For dental clinicians, fallibility is a hard pill to swallow. We’re highly competent individuals, rigorously trained and inherently self-respecting. We could not, in good conscience, take on the risks that accompany most procedures were we not. But those characteristics may explain why we bristle when diagnostic inconsistency is flagged as a widespread problem with concerning implications for the quality of care in our field. “When I review an x-ray, I use my training, not my imagination,” we tell ourselves.
As a dentist, I’m sympathetic to that response, but as someone developing AI diagnostic systems, I’m troubled by it. Eliminating inconsistency is one of AI-assisted diagnostics’ most obvious benefits, but whenever that benefit is plugged publicly––or really when inconsistency concerns of any kind are raised––a vocal contingent invariably cries foul. They argue that inconsistency is neither so widespread nor so harmful as suggested, and that it is due to inexperience and neglect among a small community cohort.
If we were talking about intentional overdiagnosis, overtreatment, and other forms of fraud that have contributed to the unflattering portraits of our profession published over the years, most recently in The Atlantic and USA Today, we could buy the “few rotten apples spoiling the barrel” argument. But, in fact, we’re talking almost entirely about differences of opinion and unintentional mistakes. These can, indeed, be due to inexperience and neglect, but they arise far more often from our individuality and fallibility.
Differences separate all of us, no matter our level of experience, and, though some are loath to admit it, to err is human. Variations in judgment and human errors are routine. Are they harmful? In any single case, usually not, at least not seriously. But across an entire population, their impact is dramatically amplified.
Let’s Just Accept It, So We Can Move On
To deny the ubiquity and harm of our inconsistency is a disservice to our profession, our patients, and the future of oral health care.
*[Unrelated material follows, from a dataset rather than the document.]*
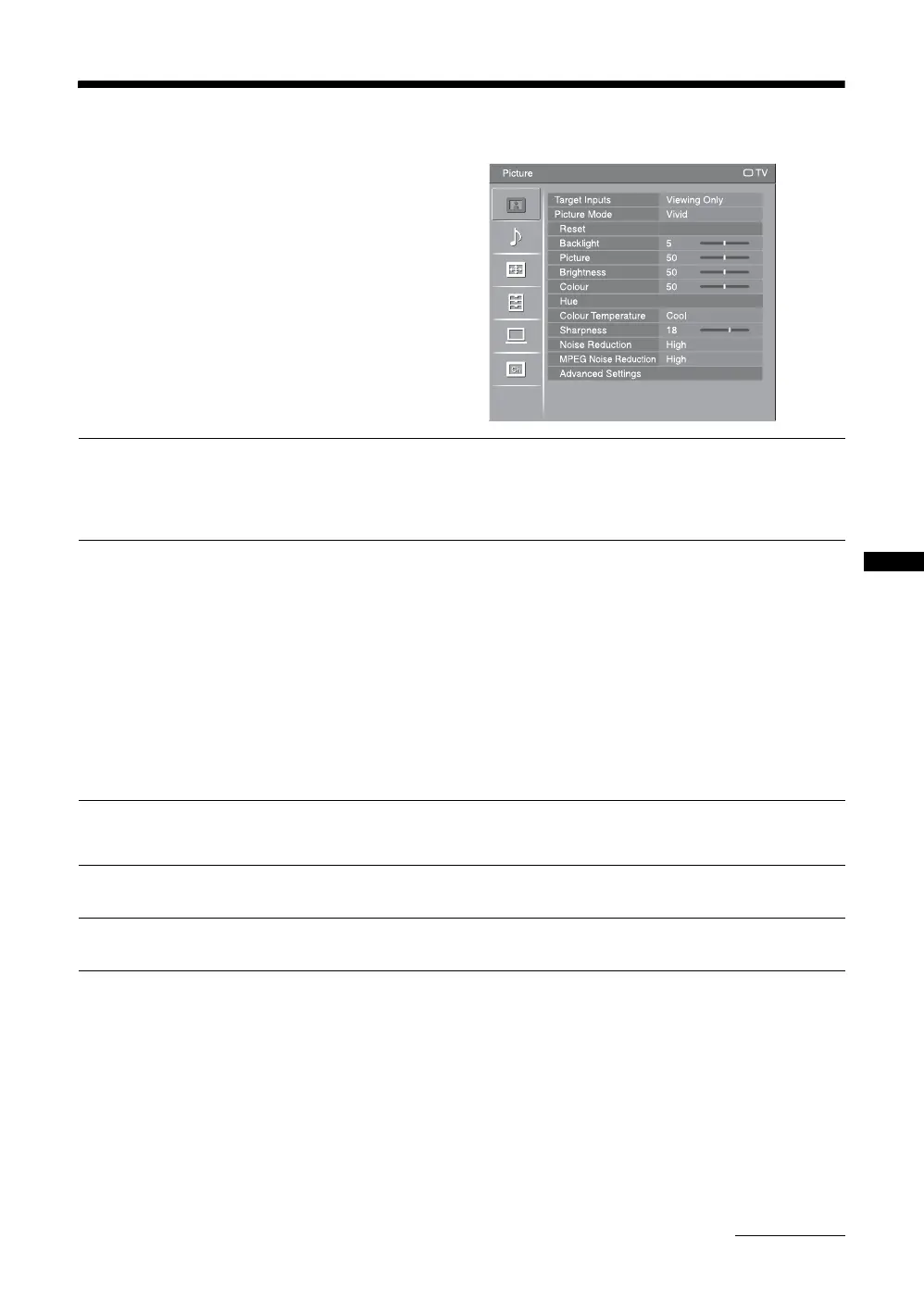 Resets all the “Picture” settings except “Target Inputs”, “Picture Mode” and

Though the stark results of the DAIC diagnosis and treatment mentioned earlier put a fine point on it, no study is required to draw a direct line from dental diagnosis to treatment. A series of subsequent lines then quickly take you from treatment to patient outcomes and, finally, to overall public health. That’s why widespread inconsistency is a problem. But that’s not the only reason.
Inconsistencies are a cause of friction between dentists and patients, and between dentists and insurers. They increase our vulnerability to malpractice litigation. And they do reputational damage to the profession.
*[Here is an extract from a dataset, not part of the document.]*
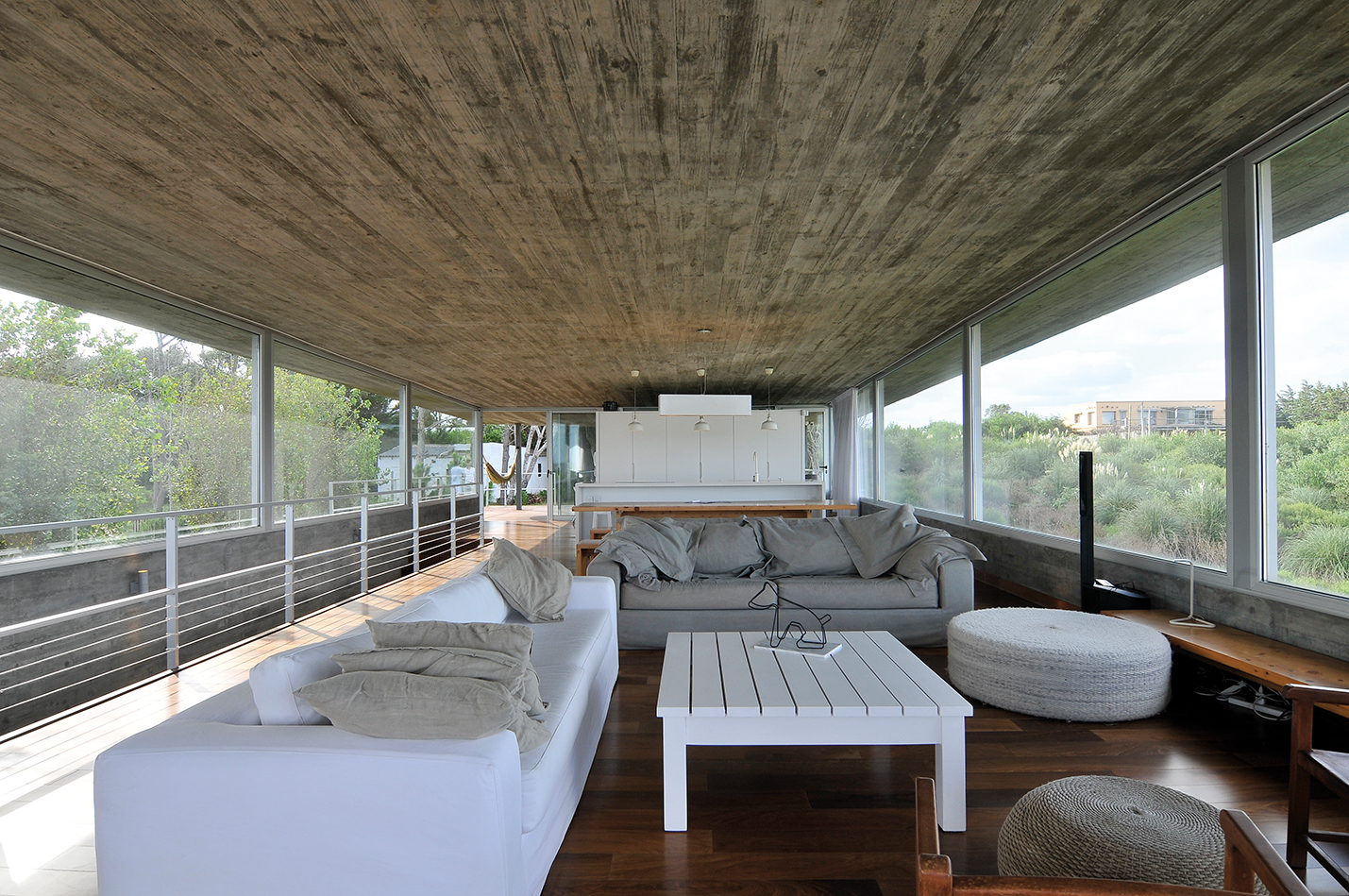 Pablo Gagliardo es arquitecto. Su estudio se dedica a proyectar y construir edificios y torres. Vive y trabaja en Rosario pero también tiene obra ejecutada en Buenos Aires. Veraneante regular de Punta del Este un par de años atrás decidió construir su casa más allá del ruido. Dedicó tiempo y mucho esmero a la elección del terreno. Finalmente optó por un solar de metraje regular pero con una ubicación excepcional, primera línea frente a la playa de El Chorro. La casa que proyectó puede ubicarse en la línea del brutalismo, hormigón armado y vidrio. Allí se levanta un templo que oficia de refugio.

When we can admit our inconsistency problem, we can begin to fix it. We slow down. We undertake our work with extra care. We are not vexed when our patients want a second opinion. We welcome it. We seek it, in fact. And we embrace novel methods to ensure we achieve a consistent standard of care.
The Inconsistency Terminator
Indeed, the advent of AI tools for dentistry just may give us that consistent standard. After all, AI has several big advantages over humans. Speed, for one. Total recall, for another. It never has bad days or loses sensitivity. With an AI assistant, a dentist can no longer be dismissed by a skeptical patient as just another expensive white coat with an opinion. Most people trust computers, and for good reason.
Not that AI replaces the practitioner, as many seem to fear. The ultimate interpretation and treatment decisions will remain ours. But from the patient’s point of view, AI adds scientific objectivity to our individual judgment.
Today, if we want to know what’s on Mars, we don’t rely on vague impressions; we send a probe. Soon, if we want to confirm our interpretation of the light and shadow in an x-ray, we’ll ask an AI to probe it.
But first, we’ll need to learn to admit that we need the help.